> **Requirement**: For the listing below, output exactly the lines from the line with "Как известно, белорусская" up to and including the line with "O eletrotécnico Leonardo", and no other lines.

> **The data**:
--------------------
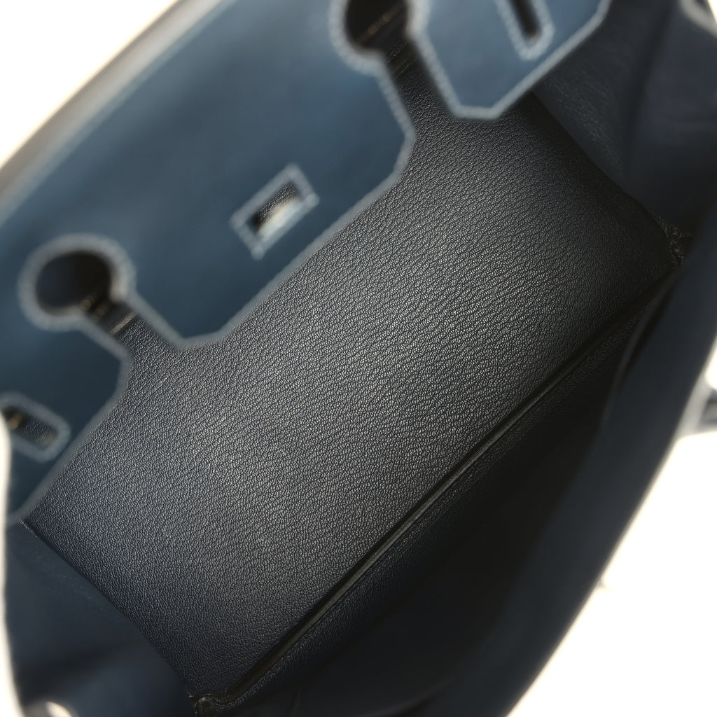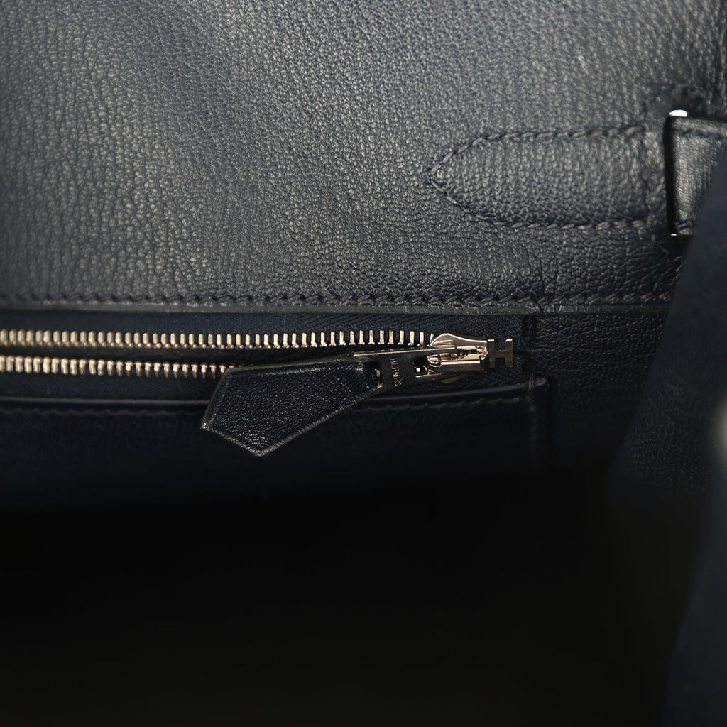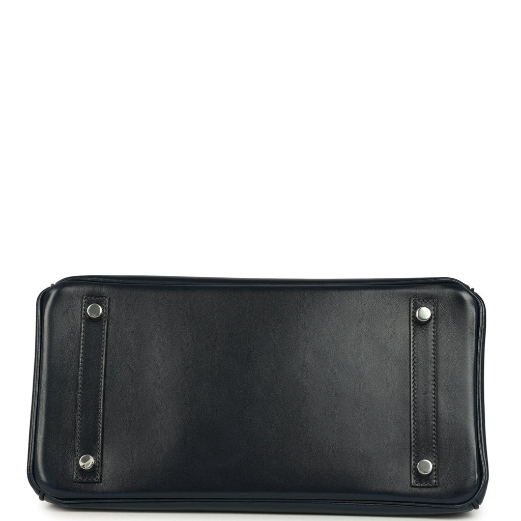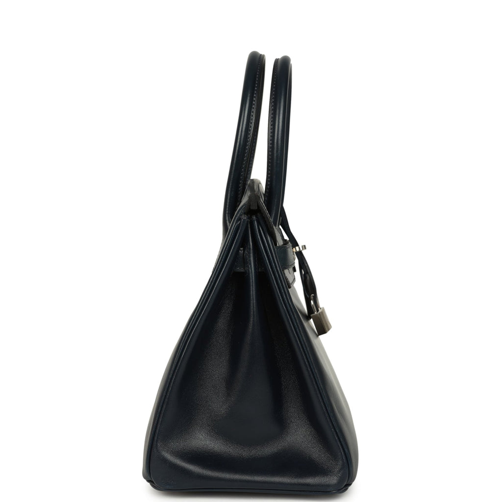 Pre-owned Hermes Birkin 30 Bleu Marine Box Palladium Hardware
--------------------
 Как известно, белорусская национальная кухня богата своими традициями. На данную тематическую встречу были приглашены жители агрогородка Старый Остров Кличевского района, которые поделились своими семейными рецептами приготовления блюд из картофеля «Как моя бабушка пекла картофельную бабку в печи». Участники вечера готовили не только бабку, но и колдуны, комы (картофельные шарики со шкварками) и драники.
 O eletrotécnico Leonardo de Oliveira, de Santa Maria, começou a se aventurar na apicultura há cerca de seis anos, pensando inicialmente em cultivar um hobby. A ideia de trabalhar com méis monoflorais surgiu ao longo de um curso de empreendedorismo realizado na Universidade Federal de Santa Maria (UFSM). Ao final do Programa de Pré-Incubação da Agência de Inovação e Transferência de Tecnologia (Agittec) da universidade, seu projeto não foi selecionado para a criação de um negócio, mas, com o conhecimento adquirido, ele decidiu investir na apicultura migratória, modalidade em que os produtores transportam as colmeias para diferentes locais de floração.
--------------------
> **Written response**:
 Как известно, белорусская национальная кухня богата своими традициями. На данную тематическую встречу были приглашены жители агрогородка Старый Остров Кличевского района, которые поделились своими семейными рецептами приготовления блюд из картофеля «Как моя бабушка пекла картофельную бабку в печи». Участники вечера готовили не только бабку, но и колдуны, комы (картофельные шарики со шкварками) и драники.
 O eletrotécnico Leonardo de Oliveira, de Santa Maria, começou a se aventurar na apicultura há cerca de seis anos, pensando inicialmente em cultivar um hobby. A ideia de trabalhar com méis monoflorais surgiu ao longo de um curso de empreendedorismo realizado na Universidade Federal de Santa Maria (UFSM). Ao final do Programa de Pré-Incubação da Agência de Inovação e Transferência de Tecnologia (Agittec) da universidade, seu projeto não foi selecionado para a criação de um negócio, mas, com o conhecimento adquirido, ele decidiu investir na apicultura migratória, modalidade em que os produtores transportam as colmeias para diferentes locais de floração.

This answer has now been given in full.